#### Data for analysis

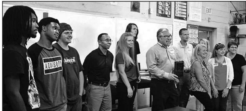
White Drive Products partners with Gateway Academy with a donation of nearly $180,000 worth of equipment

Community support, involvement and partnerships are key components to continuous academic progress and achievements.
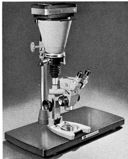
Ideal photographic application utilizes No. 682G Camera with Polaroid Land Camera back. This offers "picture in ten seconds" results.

########
#### Data for analysis

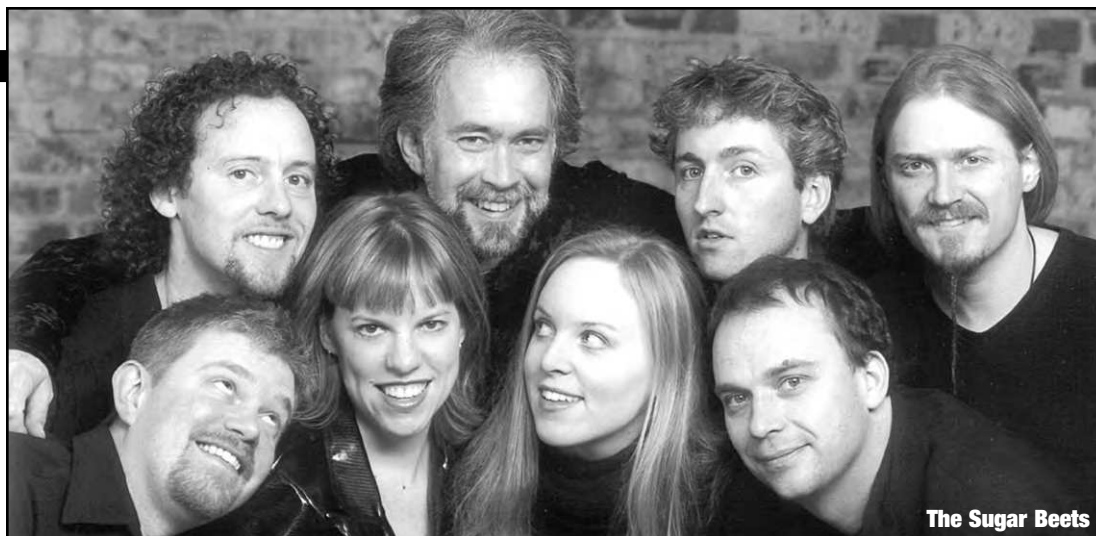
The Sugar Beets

########
#### Data for analysis

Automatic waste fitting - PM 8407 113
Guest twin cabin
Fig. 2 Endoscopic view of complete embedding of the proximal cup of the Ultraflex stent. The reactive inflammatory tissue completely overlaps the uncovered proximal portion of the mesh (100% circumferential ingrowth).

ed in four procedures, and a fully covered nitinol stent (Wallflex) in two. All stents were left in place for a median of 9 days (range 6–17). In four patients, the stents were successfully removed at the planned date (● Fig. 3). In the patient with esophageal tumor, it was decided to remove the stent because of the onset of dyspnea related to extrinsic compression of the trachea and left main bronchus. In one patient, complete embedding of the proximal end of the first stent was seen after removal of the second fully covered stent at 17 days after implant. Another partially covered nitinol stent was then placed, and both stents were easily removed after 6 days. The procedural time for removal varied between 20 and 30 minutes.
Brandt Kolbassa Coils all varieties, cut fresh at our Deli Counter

########

Task goal
Using the data above, extract exactly the lines from the one that holds "White Drive Products" to the one that holds "Community support, involvement", both ends included, and no others.

Answer box
White Drive Products partners with Gateway Academy with a donation of nearly $180,000 worth of equipment

Community support, involvement and partnerships are key components to continuous academic progress and achievements.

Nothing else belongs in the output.